RD: The overall trend we are seeing with COVID-19 — which it is not just in Nigeria — is a decrease in maternal, neonatal and child health and family planning. The Foundation has rallied the global community to stress the critical need of ensuring that these essential services are maintained to sustain the gains we have made.
We have a different funding stream to support country COVID response, so I can say that the Foundation’s resources allocated to reproductive health and family planning were not diverted to deal with COVID. We want to make sure essential services continue during the pandemic, especially at the primary health care level. The big challenge, of course, that we all face is what is happening in weak health systems.

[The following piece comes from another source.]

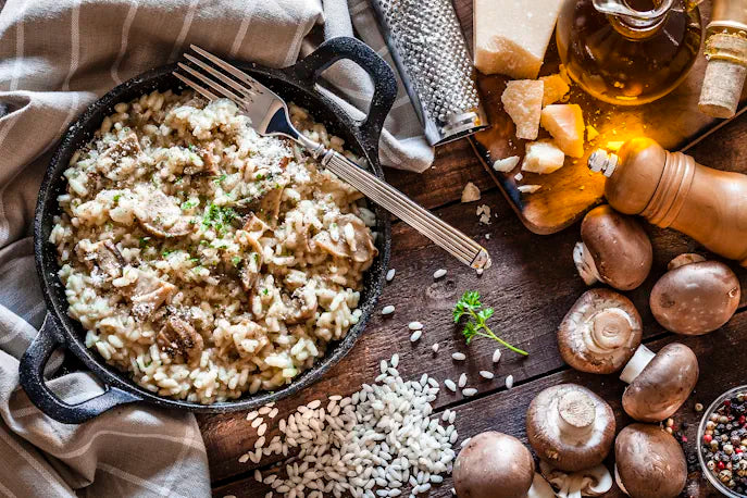 - Risottoreis (ungefähr so viel Gramm Reis wie Pilze)

There is an opportunity to further harness the private sector to ensure access to family planning continues. 

SD: What do you want the people of Nigeria to know about the future of family planning?
RD: Family planning remains a priority for Nigeria and for the Foundation, and we remain committed to supporting the national family planning blueprint in various forms as we have done in the past. Family planning is even more relevant in the context of Nigeria given the large youth population. The country needs to succeed in their demographic transition to reap the economic growth potential of having so many young people entering the workforce. And we all know the economic benefits of family planning. I think there is momentum here and family planning remains a priority.

The Challenge Initiative (TCI), another Foundation project led by CCP in Nigeria, provides the opportunity to accelerate family planning progress by implementing high-impact interventions that were seeded by NURHI over the last 10 years. After successfully demonstrating what works in family planning in Nigeria, it is time to evolve into a more agile mechanism that allows any Nigeria state to use their own financial resources to continue what we have started.